終章 神話2
「んーと――どこまで話しましたっけ?」
「現場に戻ったところよ。呪言種をリックが仕留めて、逃げて、それからわたしの治療を終えて、巨人の森のほうへ呪言石を回収しに行ったって」
「ああ、はいはい、そうでした」
はにかむようにロゼールは笑った。
「んーとですね、ひとまずシュゼットさんの治療をしながら、これまでの経緯を全部聞いたんです。それで呪言石は回収してないって言うから、じゃー取りに行こうって。ただ、リックがシュゼットさんから目を離すのを嫌がってー」
「だ、だって……容態が急変するかもしれないって思ったから……」
リックは気まずそうに顔をそらした。
「私はベッドに寝かせておいたほうがいいし、心配ならリックはシュゼットさんを見てていいよー、って言ったんですけどね。私をひとりにするのも嫌がっちゃって、もー」
「だ、だって変異種の残党がいたし! またなんかあったらって思うと……!」
「そんなわけで、リックはシュゼットさんを抱っこしたまま現場にとんぼ返りです」
ロゼールはいたずらっぽく笑った。
「ただ、結果的にこれがよかったのは皮肉なんですけどねー。現場で魔女と出会っちゃったんで。シュゼットさんのおかげで助かりましたよ、本当に」
「どういう意味?」
「まず、砦があった場所には七種族が全部そろってまして――」
「空挺手もいたの? 地上の民と魔女だけじゃなくて?」
「そりゃ、あれだけの大魔術ですからね。近場の里に泊まってた空挺手も、そりゃー見物に来ますよ。

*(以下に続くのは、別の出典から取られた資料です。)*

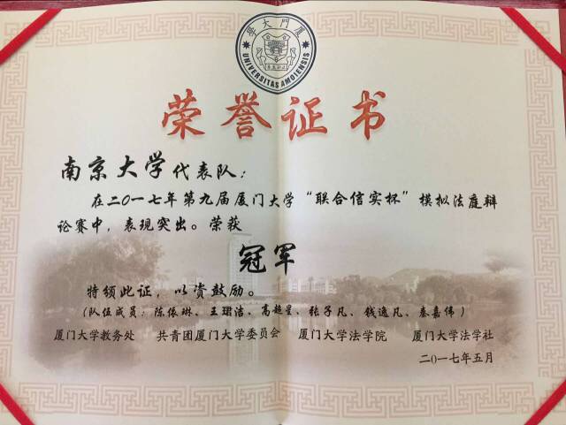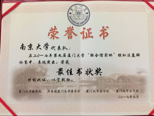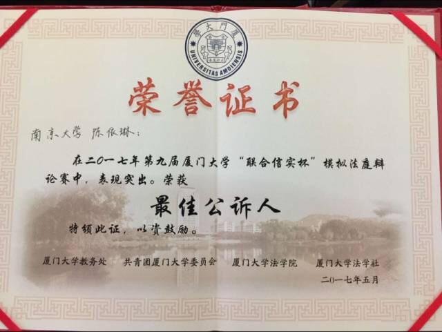 在2017年5月7日举办的第九届厦门大学“联合信实杯”模拟法庭大赛上,伊莉影片 代表队获得了冠军、最佳书状奖。伊莉影片 15级本科生陈依琳同学凭借出色的表现获得了最佳公诉人奖。本次代表队参赛选手由14、15级本科生陈依琳、张子凡、高超星、钱逸凡、秦嘉伟、王珺洁同学组成,充分展现了南大法学学子的风采与才华。祝贺上述获奖同学!
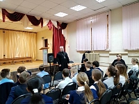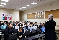 13 февраля благочинный 2-го воскресенского благочиннического округа протоиерей Сергий Рыбаков провел беседу в СОШ N99 села Конобеево. О. Сергий рассказал ученикам 5 и 6 классов о Боге и Его любви к людям, и ответил на вопросы ребят.
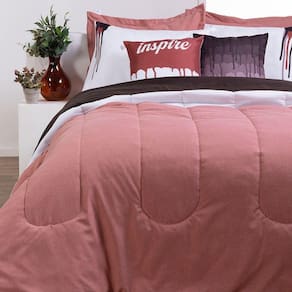 O edredom apresenta um design dupla face: uma face combina linho com tecido Hipercal 400 fios em cores contrastantes, enquanto a outra face é exclusivamente em tecido Hipercal 400 fios. Conta com manta interna presa em toda a lateral para evitar embolamento no dia a dia ou durante a lavagem. A fronha e a capa de almofada estampadas acrescentaram um charme especial, enquanto o porta-travesseiro em linho com debrum harmonizado com o tom marcante do edredom.
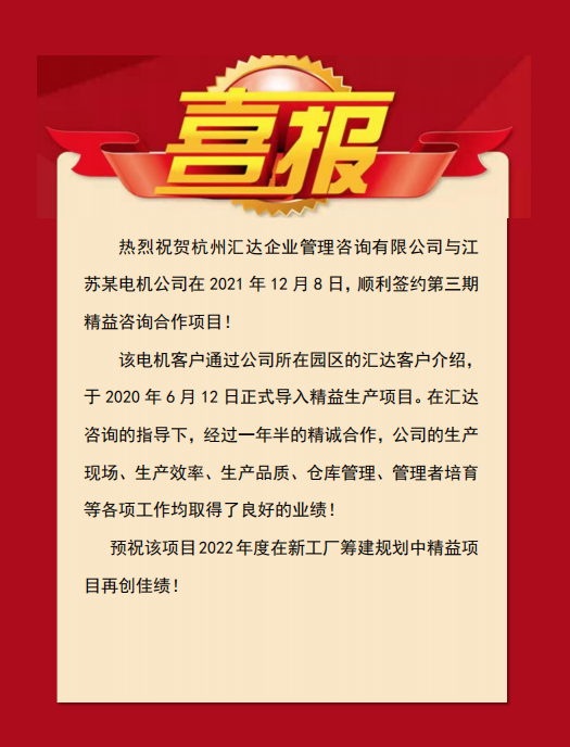 【喜報】祝賀匯達企管攜手老客戶續(xù)約第3期精益項目
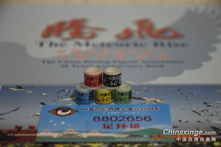 岁月像是一条河流:左岸铭记,右岸前行;中间流淌的是青春的忧伤与欢乐交织成歌。 PS:中国信鸽协会40周年纪念足环、河南省信鸽协会40周年纪念足环、内蒙古信鸽协会40周年纪念足环
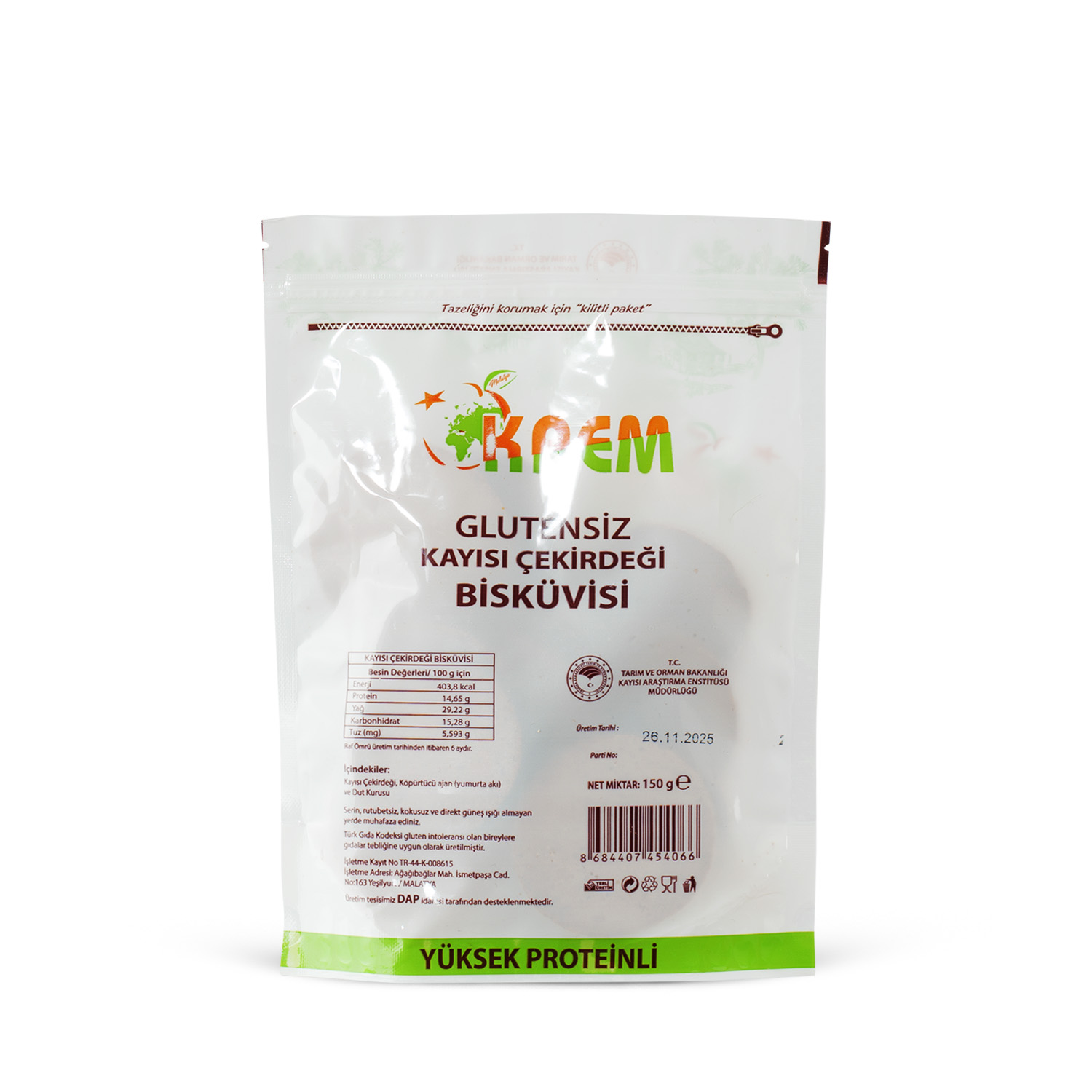 Glutensiz Kayısı Çekirdeği Bisküvisi 150 Gr

私が同じ立場でも向かったでしょうからね」
シュゼットは怪訝な顔になった。
「でも変異種がいたってことは仕留め損ねてるんでしょう? 呪言種も、とどめを刺したのはリックみたいだし、そんなにすごい破壊のあとなんてあったのかしら?」
「ええ! だって――! ああ、でも初めてなら……。それはそれですごい……」
驚きの声を上げたあと、ロゼールはぶつぶつと小声でつぶやいた。それから、きりっとした顔つきでシュゼットを見つめながら、ロゼールは言った。
「じゃー、結論だけお話しますね。まずシュゼットさんが使った大魔術の影響で、砦を中心に半径五ウィア(およそ四キロ)ほどが消滅しました。さらに大魔術の衝撃で、砦より五ウィア以上離れた場所にあった森の木々も、全部なぎ払われてます。呪言種が死んで森の大きさが元通りになった影響もあって、実質上、巨人の森は消滅ですね、完璧に。砦を中心に、巨大な隕石でも落下したみたいなことになってますよ」
「……三十七倍増幅なんて生まれて初めてやったけど、とんでもないことになるみたいね」
「はい、とんでもないことになってます!」
きらきらした目でロゼールは語った。
「今でも鮮明に思い出せます……! 本当にすごくて! 私、心の底からびっくりしたんですよ? 魔力の残滓からでもわかる、素晴らしい練り込み! いったん拡散させたうえで収束し、魔力の粒子ひとつひとつを極限まで圧縮! それを一挙に解放することで得たであろう恐るべき爆発力! あんなの初めてです! ああ、それ以前に魔術を使った直後でもないのに、魔力を感じ取れること自体が破格すぎるんですよ! あんな現象、起きるんですねー! 私、初めて知りました!」
「別に意図したものではないわよ?」
単に放った魔力が厖大すぎて残っていただけだろう。
「いえいえ! ただ無作為に魔術を使っただけじゃー、無限の魔力を消費しようがあんな破壊力は出せません! あれは間違いなくシュゼットさんの実力あってこそ!」
「ちょっと、落ち着きなさい……」
ロゼールが鼻息荒く顔を寄せてくるので、シュゼットは手を使って、引き離さねばならなかった。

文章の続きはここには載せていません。